For the listing that follows, give again exactly the lines from the one with "Bicolor Fluorite with" to the one with "Eine absolut selten", including both.

Supplied material:
==*==

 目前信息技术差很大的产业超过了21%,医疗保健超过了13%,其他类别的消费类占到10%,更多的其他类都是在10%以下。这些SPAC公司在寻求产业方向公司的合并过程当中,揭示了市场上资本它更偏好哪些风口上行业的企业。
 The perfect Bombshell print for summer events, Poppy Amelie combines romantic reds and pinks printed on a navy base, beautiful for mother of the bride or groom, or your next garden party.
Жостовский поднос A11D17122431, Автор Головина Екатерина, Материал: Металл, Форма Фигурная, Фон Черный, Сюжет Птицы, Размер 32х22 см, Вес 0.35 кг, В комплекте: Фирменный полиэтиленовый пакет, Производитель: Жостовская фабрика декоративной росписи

==*==

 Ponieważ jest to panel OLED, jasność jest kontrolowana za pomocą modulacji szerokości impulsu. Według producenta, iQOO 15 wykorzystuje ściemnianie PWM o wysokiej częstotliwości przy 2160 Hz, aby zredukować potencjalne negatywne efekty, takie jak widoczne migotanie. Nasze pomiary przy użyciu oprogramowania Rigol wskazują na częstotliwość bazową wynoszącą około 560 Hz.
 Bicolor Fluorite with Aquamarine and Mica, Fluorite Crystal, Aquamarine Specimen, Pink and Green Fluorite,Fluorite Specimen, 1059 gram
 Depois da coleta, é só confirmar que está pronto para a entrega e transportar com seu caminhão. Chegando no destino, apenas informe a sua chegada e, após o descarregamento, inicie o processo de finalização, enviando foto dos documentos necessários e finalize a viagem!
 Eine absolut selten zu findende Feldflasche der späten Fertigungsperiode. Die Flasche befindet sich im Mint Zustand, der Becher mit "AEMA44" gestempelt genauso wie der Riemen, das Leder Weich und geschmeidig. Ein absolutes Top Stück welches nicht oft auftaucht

==*==

Answer for this exercise:
 Bicolor Fluorite with Aquamarine and Mica, Fluorite Crystal, Aquamarine Specimen, Pink and Green Fluorite,Fluorite Specimen, 1059 gram
 Depois da coleta, é só confirmar que está pronto para a entrega e transportar com seu caminhão. Chegando no destino, apenas informe a sua chegada e, após o descarregamento, inicie o processo de finalização, enviando foto dos documentos necessários e finalize a viagem!
 Eine absolut selten zu findende Feldflasche der späten Fertigungsperiode. Die Flasche befindet sich im Mint Zustand, der Becher mit "AEMA44" gestempelt genauso wie der Riemen, das Leder Weich und geschmeidig. Ein absolutes Top Stück welches nicht oft auftaucht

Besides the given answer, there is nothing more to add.